Patients consume health care but they don't pay the bills. Health insurance is so expensive in America because third parties, the real customers (insurance companies, employers and the government) pay the bills and make decisions in the name of the patient.

Patients are disconnected and insulated from the financial and medical decisions associated with their own health care. "When the direct linkage between the use of medical facilities and payment is broken, medical consumers lose their incentive to economize on their use of medical resources."[1]

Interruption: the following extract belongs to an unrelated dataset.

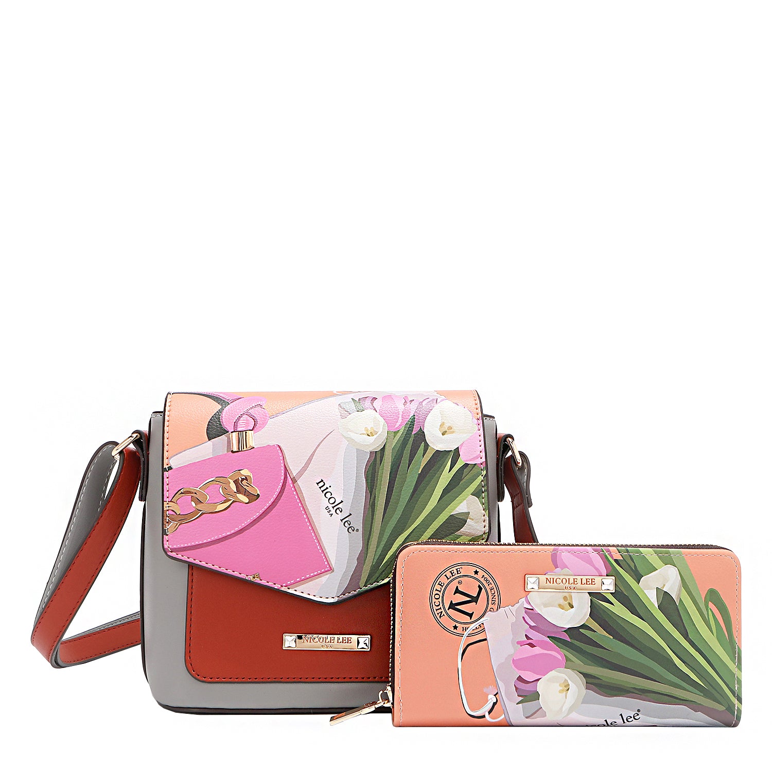 - Structured, dual top handles (5" drop) with Nicole Lee authentic

People will shop around and spend the time looking for the best prices when they have to spend their own money. It's human nature. But because most health care consumers are out of the cost decision making loop, they neither know how much their treatments will cost ahead of time, nor do they feel responsibility to control costs for their own health care.

In a survey of 2,000 people with employer sponsored health coverage commissioned by Great-West Healthcare,[2] the people who responded spent twice as much time researching the purchase of a new car as they did researching their health coverage.

* When consumers were asked to "guess" prices, they were within 1% on the price of a new Honda Accord, 8% on the price of a round trip airline ticket, but were off by 56% on the cost of a 4-day hospital stay.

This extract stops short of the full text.